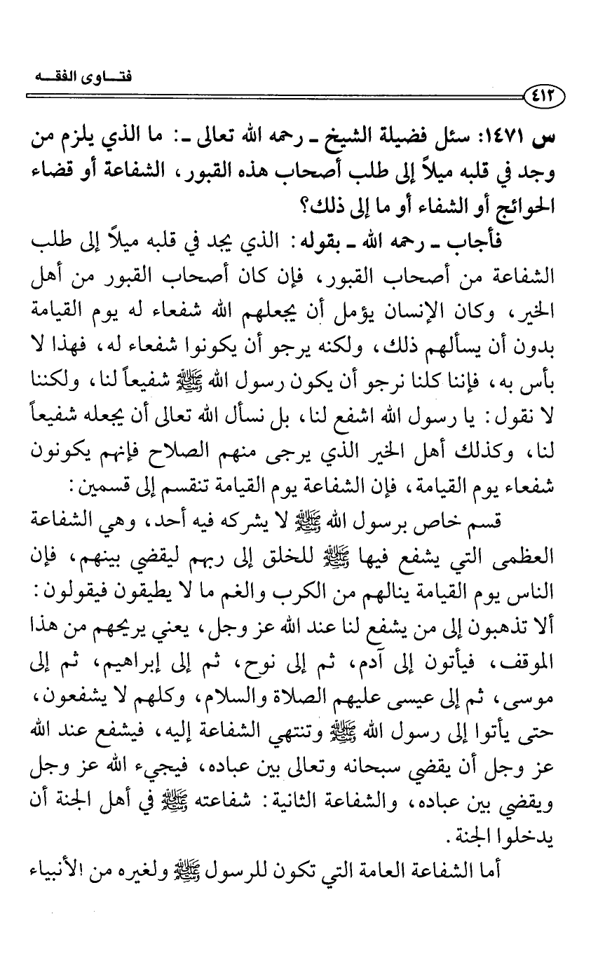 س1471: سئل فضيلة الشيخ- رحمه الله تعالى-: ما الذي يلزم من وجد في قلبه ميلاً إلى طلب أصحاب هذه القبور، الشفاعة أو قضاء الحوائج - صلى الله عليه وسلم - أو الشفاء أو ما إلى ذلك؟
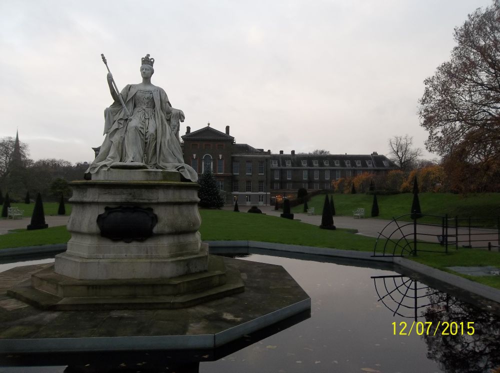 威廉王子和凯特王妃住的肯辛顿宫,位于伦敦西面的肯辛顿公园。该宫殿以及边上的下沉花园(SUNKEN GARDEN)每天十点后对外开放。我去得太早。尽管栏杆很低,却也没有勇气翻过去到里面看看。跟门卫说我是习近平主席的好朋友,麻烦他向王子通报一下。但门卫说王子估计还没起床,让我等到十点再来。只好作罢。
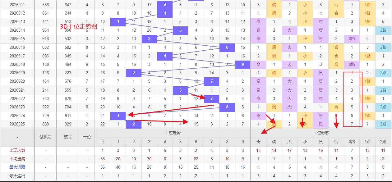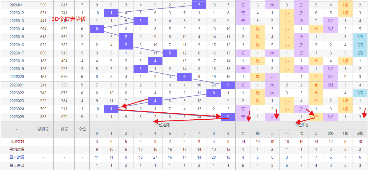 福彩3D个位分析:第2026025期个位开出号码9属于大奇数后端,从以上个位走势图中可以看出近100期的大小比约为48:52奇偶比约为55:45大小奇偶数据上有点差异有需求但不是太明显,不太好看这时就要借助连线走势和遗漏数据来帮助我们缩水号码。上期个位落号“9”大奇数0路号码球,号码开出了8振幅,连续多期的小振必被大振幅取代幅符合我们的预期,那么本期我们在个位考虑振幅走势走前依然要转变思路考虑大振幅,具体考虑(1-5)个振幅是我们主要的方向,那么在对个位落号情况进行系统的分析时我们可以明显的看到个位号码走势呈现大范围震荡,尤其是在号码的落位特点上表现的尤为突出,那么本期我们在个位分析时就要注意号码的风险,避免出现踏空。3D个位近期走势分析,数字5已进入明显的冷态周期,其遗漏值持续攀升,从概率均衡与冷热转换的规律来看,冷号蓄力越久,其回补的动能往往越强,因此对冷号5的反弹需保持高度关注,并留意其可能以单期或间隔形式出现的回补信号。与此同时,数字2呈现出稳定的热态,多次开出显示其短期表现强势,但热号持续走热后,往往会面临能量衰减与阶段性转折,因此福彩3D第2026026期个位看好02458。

---

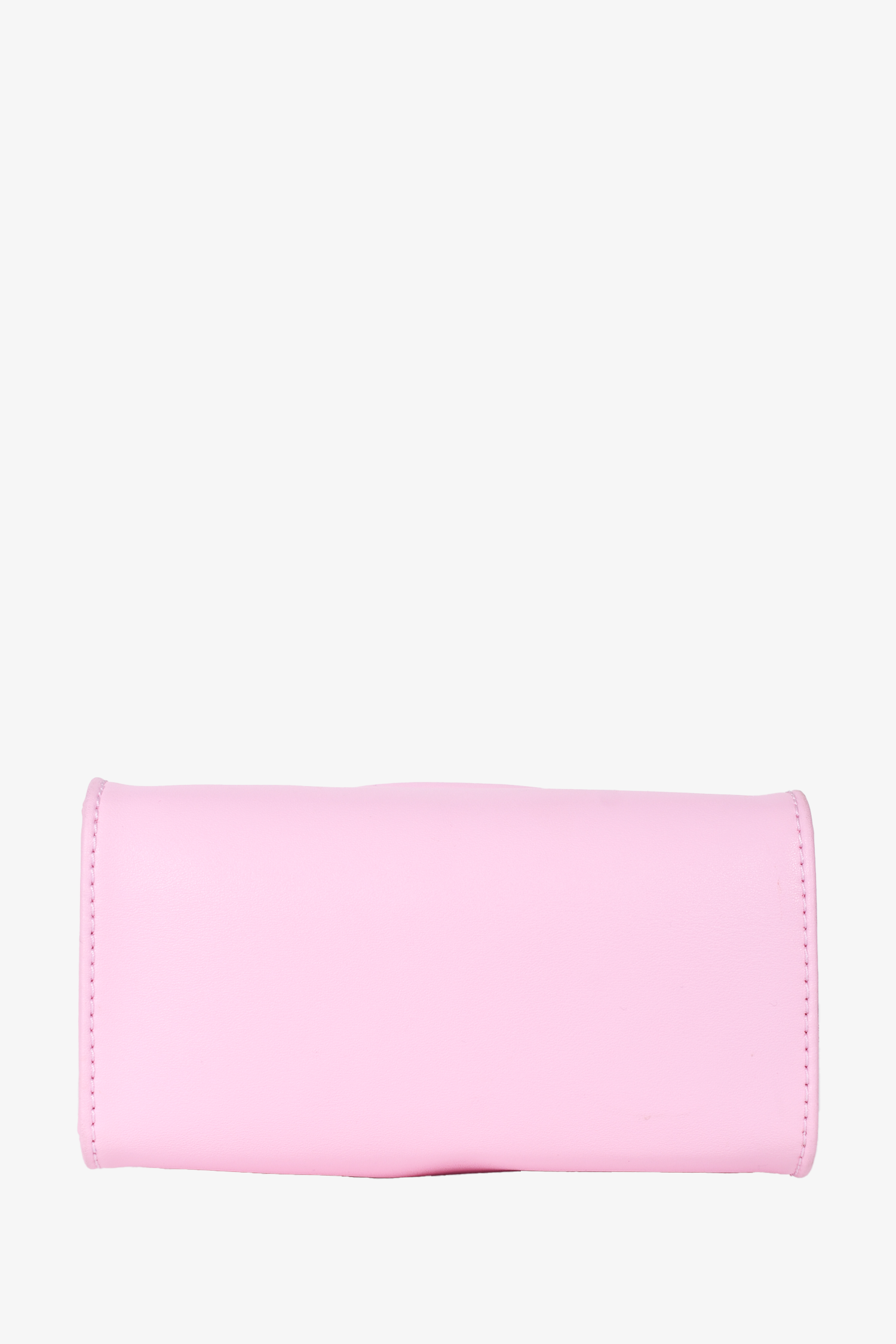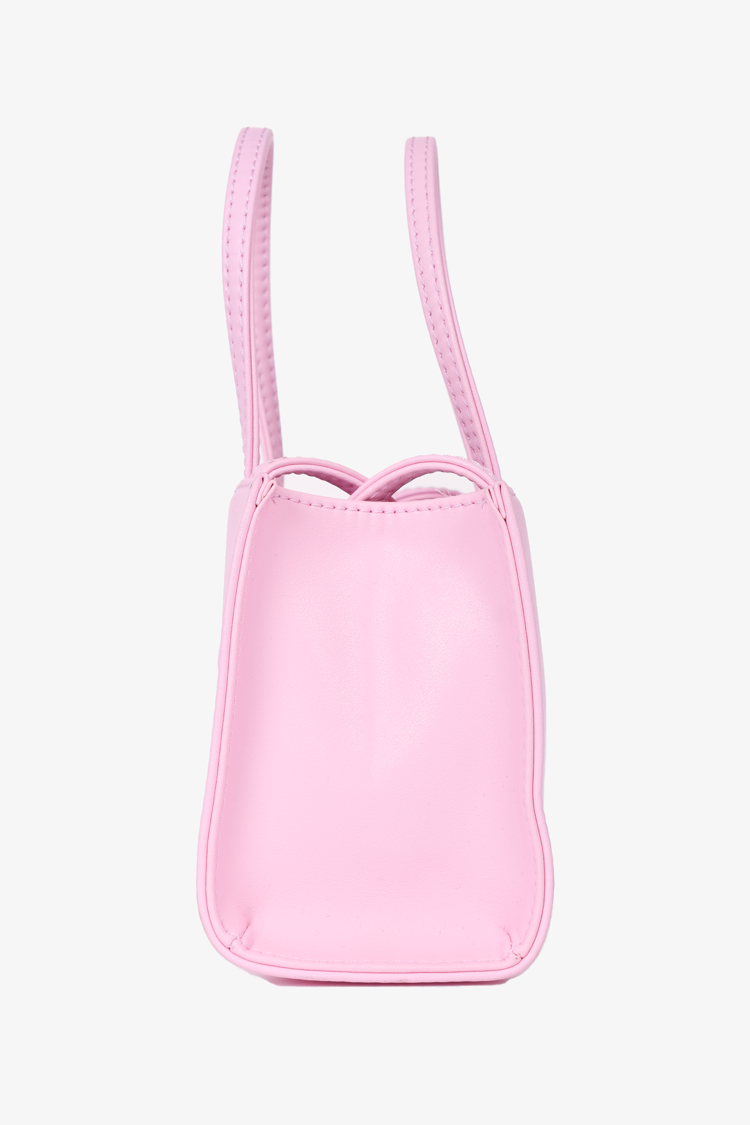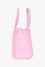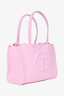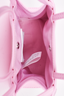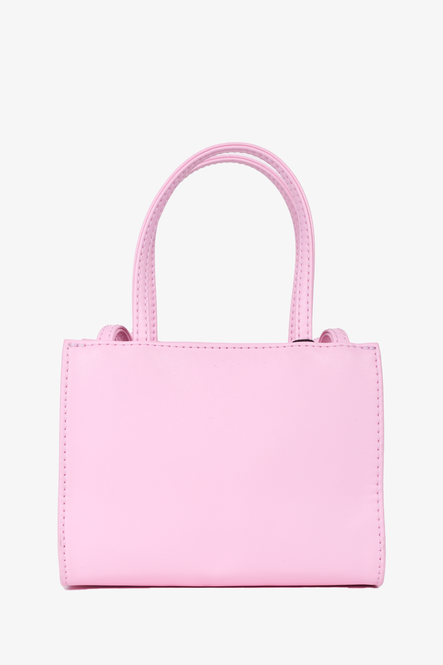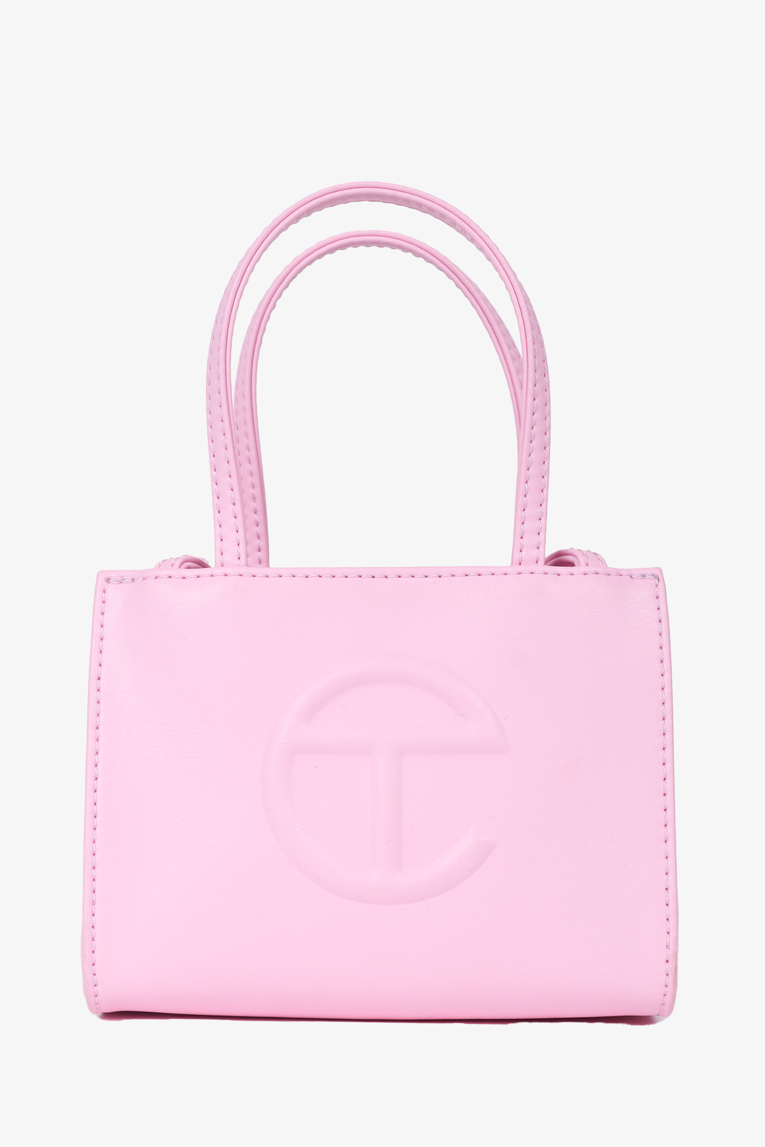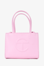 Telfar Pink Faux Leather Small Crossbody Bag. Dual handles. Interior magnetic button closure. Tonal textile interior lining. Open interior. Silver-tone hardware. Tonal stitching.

→ BRIEF
What lines above run from the one with "س1471: سئل فضيلة" to the one with "威廉王子和凯特王妃住的肯辛顿"? Give them again exactly, ends included, and leave the pictures out.

→ COMPLETED EXERCISE
 س1471: سئل فضيلة الشيخ- رحمه الله تعالى-: ما الذي يلزم من وجد في قلبه ميلاً إلى طلب أصحاب هذه القبور، الشفاعة أو قضاء الحوائج - صلى الله عليه وسلم - أو الشفاء أو ما إلى ذلك؟
 威廉王子和凯特王妃住的肯辛顿宫,位于伦敦西面的肯辛顿公园。该宫殿以及边上的下沉花园(SUNKEN GARDEN)每天十点后对外开放。我去得太早。尽管栏杆很低,却也没有勇气翻过去到里面看看。跟门卫说我是习近平主席的好朋友,麻烦他向王子通报一下。但门卫说王子估计还没起床,让我等到十点再来。只好作罢。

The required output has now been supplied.